Records supplied:
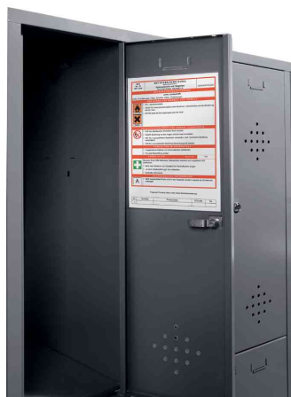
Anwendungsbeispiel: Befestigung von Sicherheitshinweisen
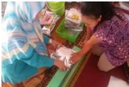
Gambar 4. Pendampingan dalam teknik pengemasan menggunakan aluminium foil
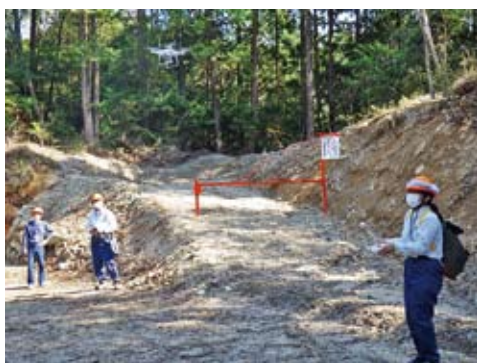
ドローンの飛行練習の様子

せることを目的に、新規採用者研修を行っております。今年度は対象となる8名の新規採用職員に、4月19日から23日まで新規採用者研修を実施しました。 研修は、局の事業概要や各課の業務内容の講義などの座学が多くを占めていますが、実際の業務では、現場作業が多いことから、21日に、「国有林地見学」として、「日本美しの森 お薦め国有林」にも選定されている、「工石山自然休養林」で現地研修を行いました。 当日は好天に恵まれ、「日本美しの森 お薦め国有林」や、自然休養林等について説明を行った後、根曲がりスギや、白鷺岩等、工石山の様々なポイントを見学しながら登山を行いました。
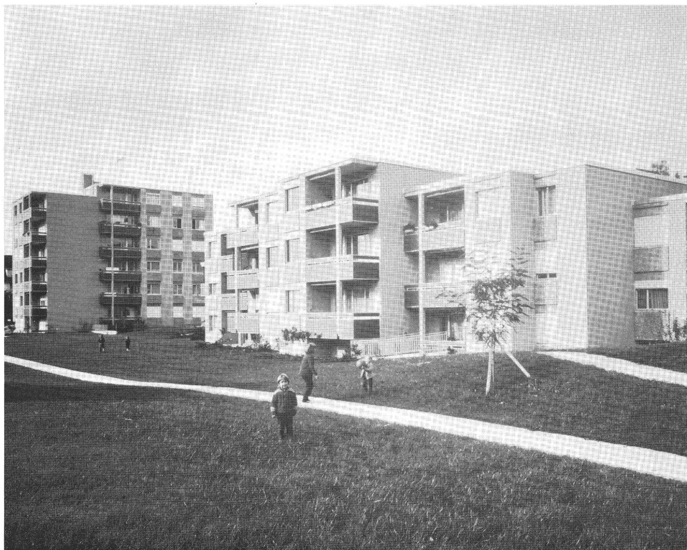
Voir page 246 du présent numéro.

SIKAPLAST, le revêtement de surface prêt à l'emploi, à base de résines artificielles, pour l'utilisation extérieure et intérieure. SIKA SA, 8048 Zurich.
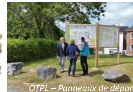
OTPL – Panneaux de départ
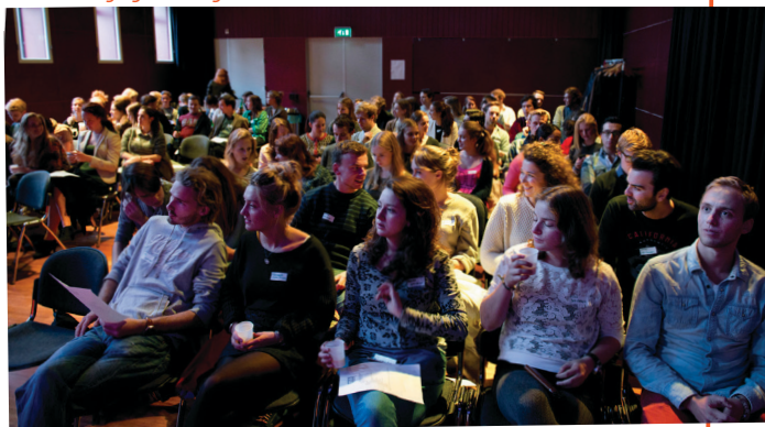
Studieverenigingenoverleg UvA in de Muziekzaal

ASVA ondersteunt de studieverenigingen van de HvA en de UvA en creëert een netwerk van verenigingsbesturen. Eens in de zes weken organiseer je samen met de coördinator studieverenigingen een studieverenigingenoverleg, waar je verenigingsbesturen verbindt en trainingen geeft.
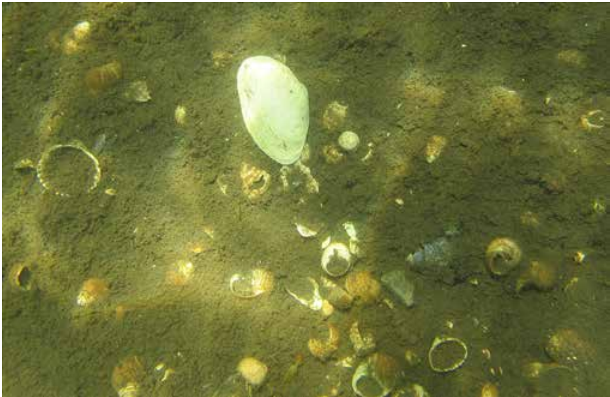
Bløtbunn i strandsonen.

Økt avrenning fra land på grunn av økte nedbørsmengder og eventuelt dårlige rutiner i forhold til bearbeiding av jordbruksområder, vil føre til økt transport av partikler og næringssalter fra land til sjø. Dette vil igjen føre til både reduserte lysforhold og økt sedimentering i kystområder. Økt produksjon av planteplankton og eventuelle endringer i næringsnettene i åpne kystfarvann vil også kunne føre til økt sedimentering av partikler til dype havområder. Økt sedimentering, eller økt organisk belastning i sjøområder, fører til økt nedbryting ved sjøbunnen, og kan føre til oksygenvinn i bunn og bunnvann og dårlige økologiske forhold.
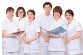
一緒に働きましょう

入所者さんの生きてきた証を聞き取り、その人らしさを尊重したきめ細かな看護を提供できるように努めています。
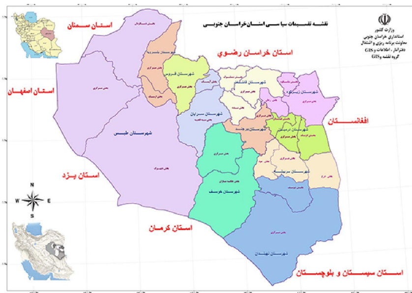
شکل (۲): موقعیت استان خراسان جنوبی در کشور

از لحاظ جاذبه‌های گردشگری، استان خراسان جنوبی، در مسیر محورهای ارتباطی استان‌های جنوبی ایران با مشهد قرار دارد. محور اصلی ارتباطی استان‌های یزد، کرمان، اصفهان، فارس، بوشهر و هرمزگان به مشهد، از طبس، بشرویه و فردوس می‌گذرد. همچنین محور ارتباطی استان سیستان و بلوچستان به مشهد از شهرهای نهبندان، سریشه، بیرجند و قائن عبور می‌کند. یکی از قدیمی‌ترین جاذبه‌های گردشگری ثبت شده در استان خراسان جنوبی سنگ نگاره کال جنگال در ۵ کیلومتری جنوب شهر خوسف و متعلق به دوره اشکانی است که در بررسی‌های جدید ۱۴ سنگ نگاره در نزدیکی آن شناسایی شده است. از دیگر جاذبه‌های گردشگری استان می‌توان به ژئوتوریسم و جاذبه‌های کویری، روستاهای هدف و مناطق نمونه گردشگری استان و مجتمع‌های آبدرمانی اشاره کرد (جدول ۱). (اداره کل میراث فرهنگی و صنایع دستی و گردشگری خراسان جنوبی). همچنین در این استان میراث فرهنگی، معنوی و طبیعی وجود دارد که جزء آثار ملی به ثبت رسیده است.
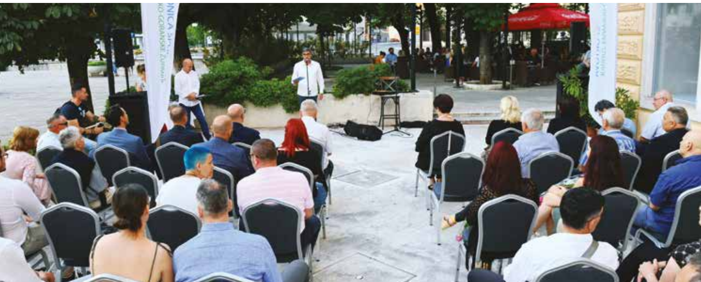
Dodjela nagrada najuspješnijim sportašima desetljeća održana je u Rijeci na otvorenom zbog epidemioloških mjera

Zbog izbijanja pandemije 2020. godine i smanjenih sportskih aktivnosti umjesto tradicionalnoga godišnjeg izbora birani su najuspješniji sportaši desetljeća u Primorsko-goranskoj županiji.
...
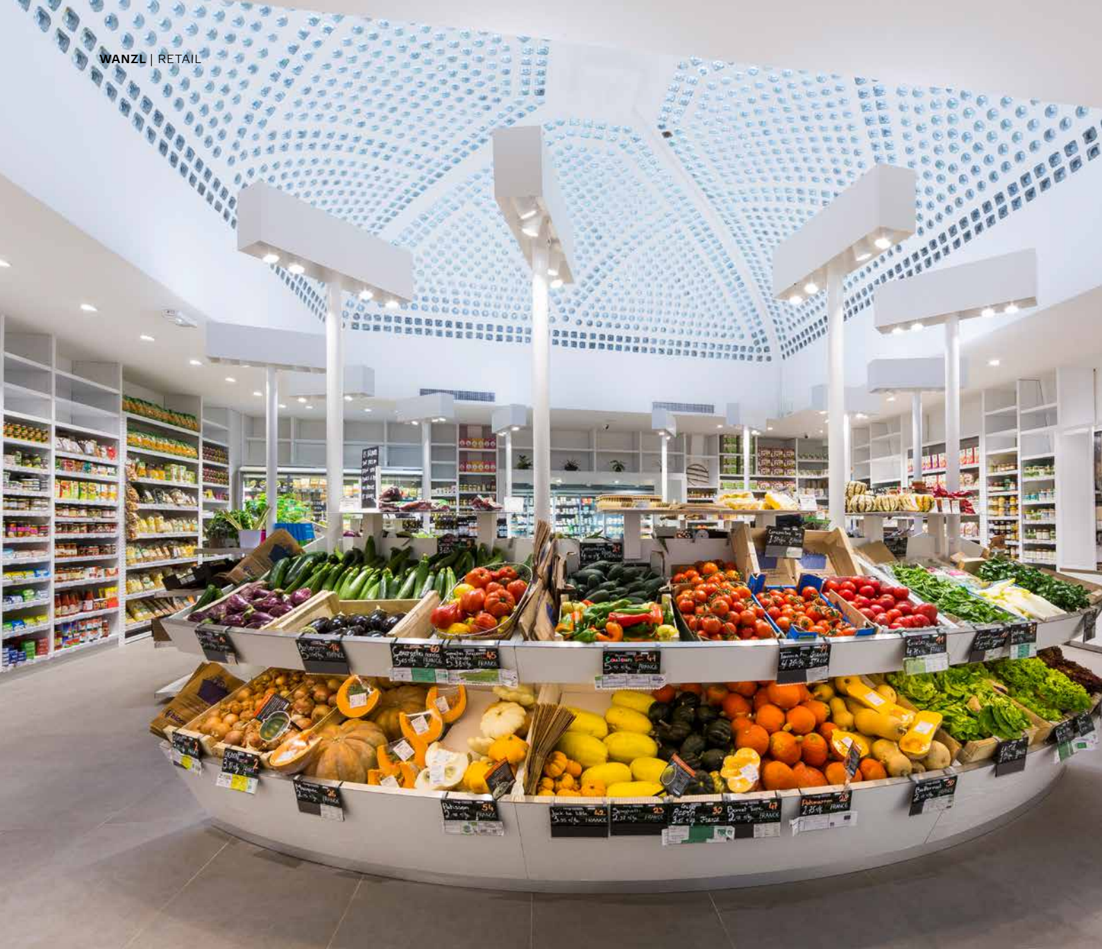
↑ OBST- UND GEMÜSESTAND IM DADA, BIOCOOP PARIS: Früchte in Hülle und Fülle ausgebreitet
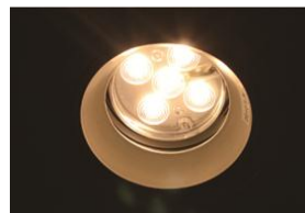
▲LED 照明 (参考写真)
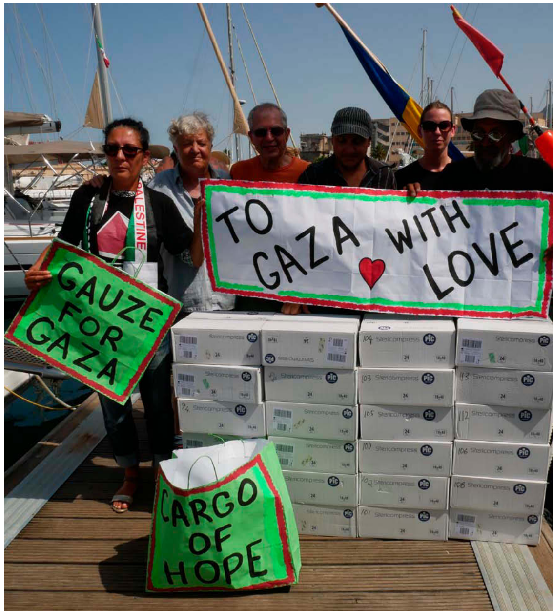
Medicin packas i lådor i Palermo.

Exercise instructions: Look back over the records above. Reproduce exactly everything from the line with "Anwendungsbeispiel: Befestigung von" down to the line with "ドローンの飛行練習の様子", inclusive, and leave the pictures out.

Written answer:
Anwendungsbeispiel: Befestigung von Sicherheitshinweisen
Gambar 4. Pendampingan dalam teknik pengemasan menggunakan aluminium foil
ドローンの飛行練習の様子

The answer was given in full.